[Collected data entries]
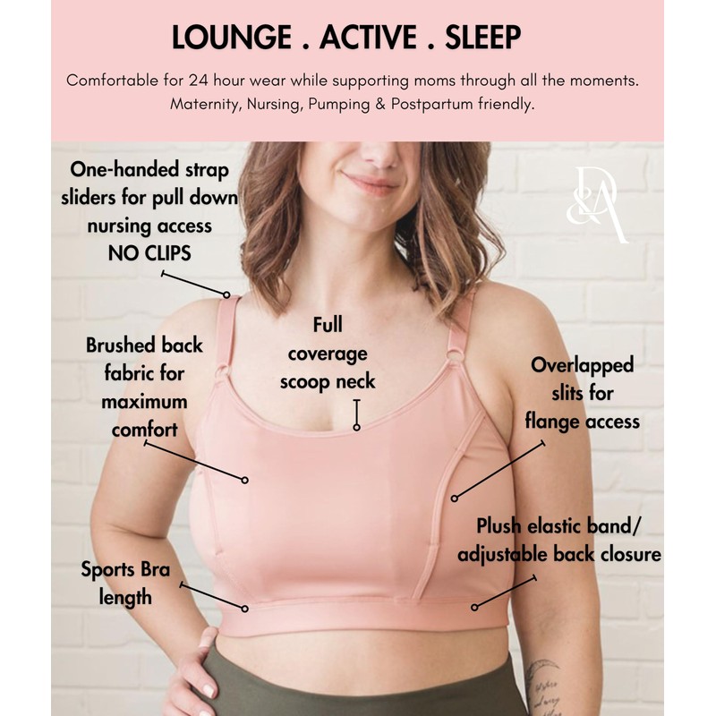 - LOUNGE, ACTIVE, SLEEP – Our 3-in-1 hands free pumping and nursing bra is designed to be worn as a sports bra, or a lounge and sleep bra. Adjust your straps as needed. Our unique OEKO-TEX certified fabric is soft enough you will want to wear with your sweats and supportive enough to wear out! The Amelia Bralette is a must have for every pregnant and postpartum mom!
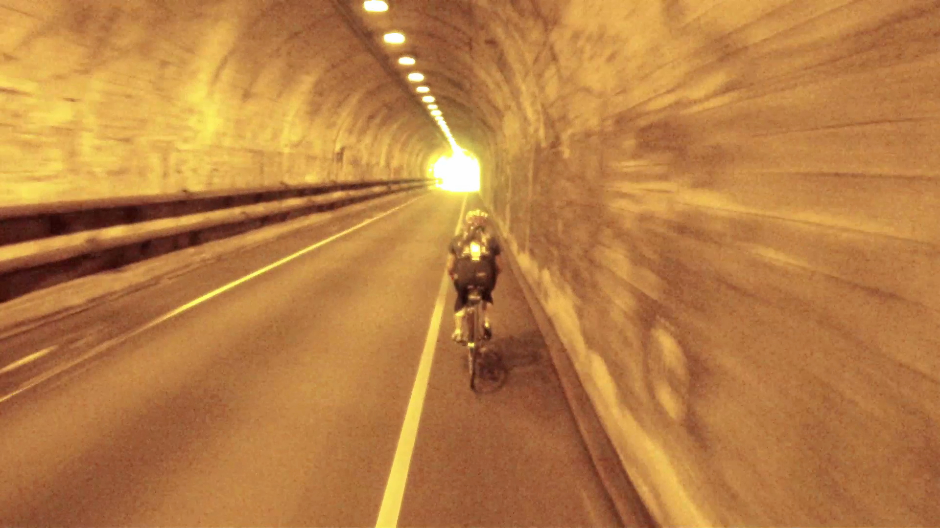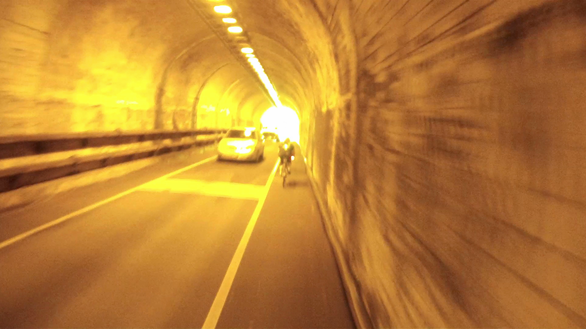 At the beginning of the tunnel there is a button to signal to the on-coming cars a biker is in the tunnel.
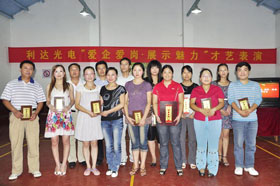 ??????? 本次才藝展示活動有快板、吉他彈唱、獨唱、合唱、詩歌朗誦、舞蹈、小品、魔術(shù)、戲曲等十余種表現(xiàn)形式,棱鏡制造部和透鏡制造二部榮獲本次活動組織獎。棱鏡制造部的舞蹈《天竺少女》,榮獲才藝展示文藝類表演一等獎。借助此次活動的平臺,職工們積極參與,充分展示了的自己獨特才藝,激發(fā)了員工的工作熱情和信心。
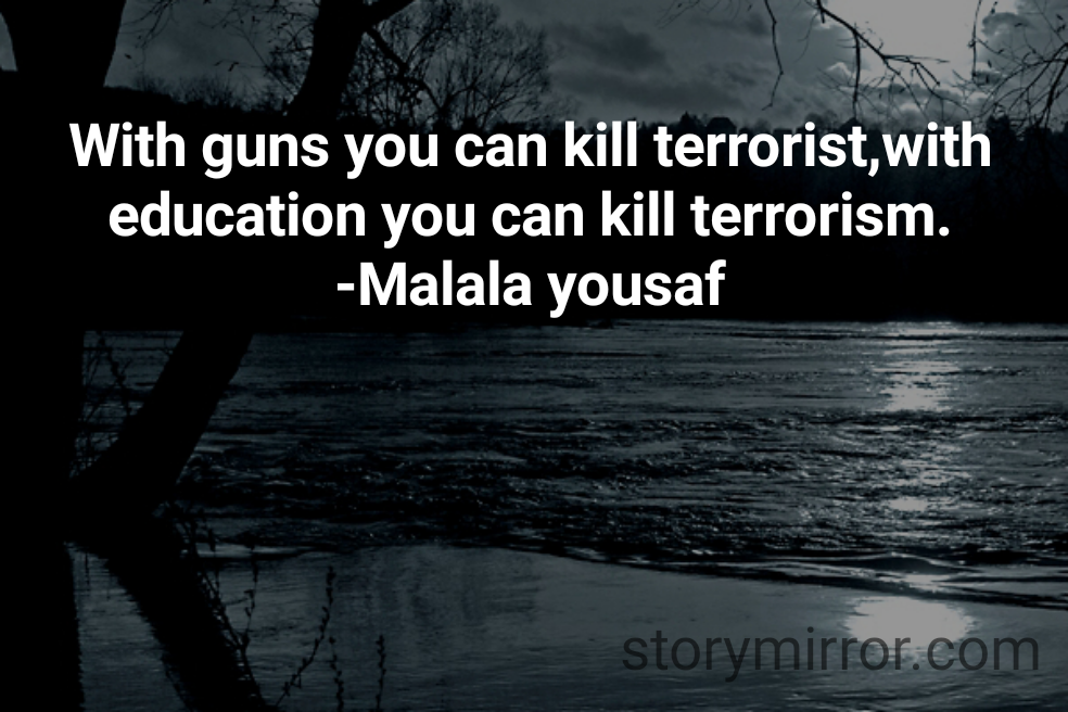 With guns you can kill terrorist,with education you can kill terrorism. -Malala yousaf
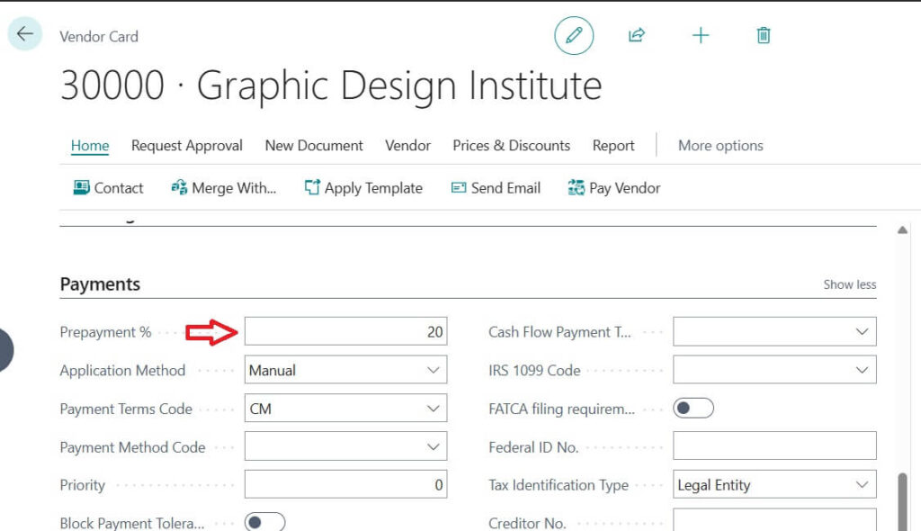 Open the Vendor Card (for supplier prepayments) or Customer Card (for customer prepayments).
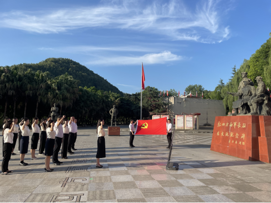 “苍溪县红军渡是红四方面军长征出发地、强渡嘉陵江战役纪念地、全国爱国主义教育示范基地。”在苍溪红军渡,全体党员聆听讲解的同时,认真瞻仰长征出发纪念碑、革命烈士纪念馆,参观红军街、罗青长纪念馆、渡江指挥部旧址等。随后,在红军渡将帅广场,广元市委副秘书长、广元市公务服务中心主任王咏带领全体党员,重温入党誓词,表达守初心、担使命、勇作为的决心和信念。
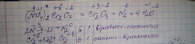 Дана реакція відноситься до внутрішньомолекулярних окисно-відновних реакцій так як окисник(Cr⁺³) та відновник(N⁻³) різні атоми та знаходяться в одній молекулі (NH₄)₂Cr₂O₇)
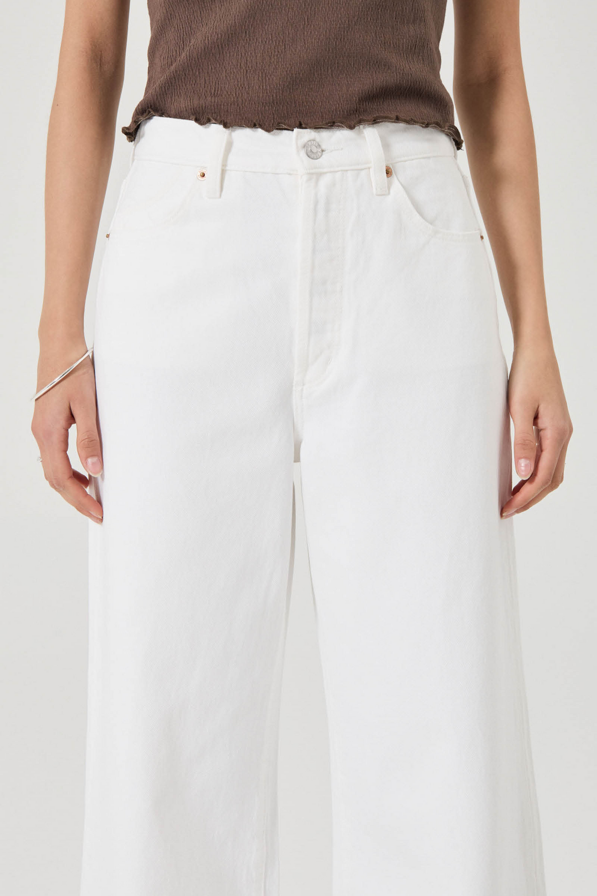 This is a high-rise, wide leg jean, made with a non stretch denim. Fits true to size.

**EXERCISE OBJECTIVE**
Write out exactly the lines that run from the one containing "With guns you" to the last line of the entries above, both ends kept, pictures left out.

**RESULT FOR THIS TASK**
 With guns you can kill terrorist,with education you can kill terrorism. -Malala yousaf
 Open the Vendor Card (for supplier prepayments) or Customer Card (for customer prepayments).
 “苍溪县红军渡是红四方面军长征出发地、强渡嘉陵江战役纪念地、全国爱国主义教育示范基地。”在苍溪红军渡,全体党员聆听讲解的同时,认真瞻仰长征出发纪念碑、革命烈士纪念馆,参观红军街、罗青长纪念馆、渡江指挥部旧址等。随后,在红军渡将帅广场,广元市委副秘书长、广元市公务服务中心主任王咏带领全体党员,重温入党誓词,表达守初心、担使命、勇作为的决心和信念。
 Дана реакція відноситься до внутрішньомолекулярних окисно-відновних реакцій так як окисник(Cr⁺³) та відновник(N⁻³) різні атоми та знаходяться в одній молекулі (NH₄)₂Cr₂O₇)
 This is a high-rise, wide leg jean, made with a non stretch denim. Fits true to size.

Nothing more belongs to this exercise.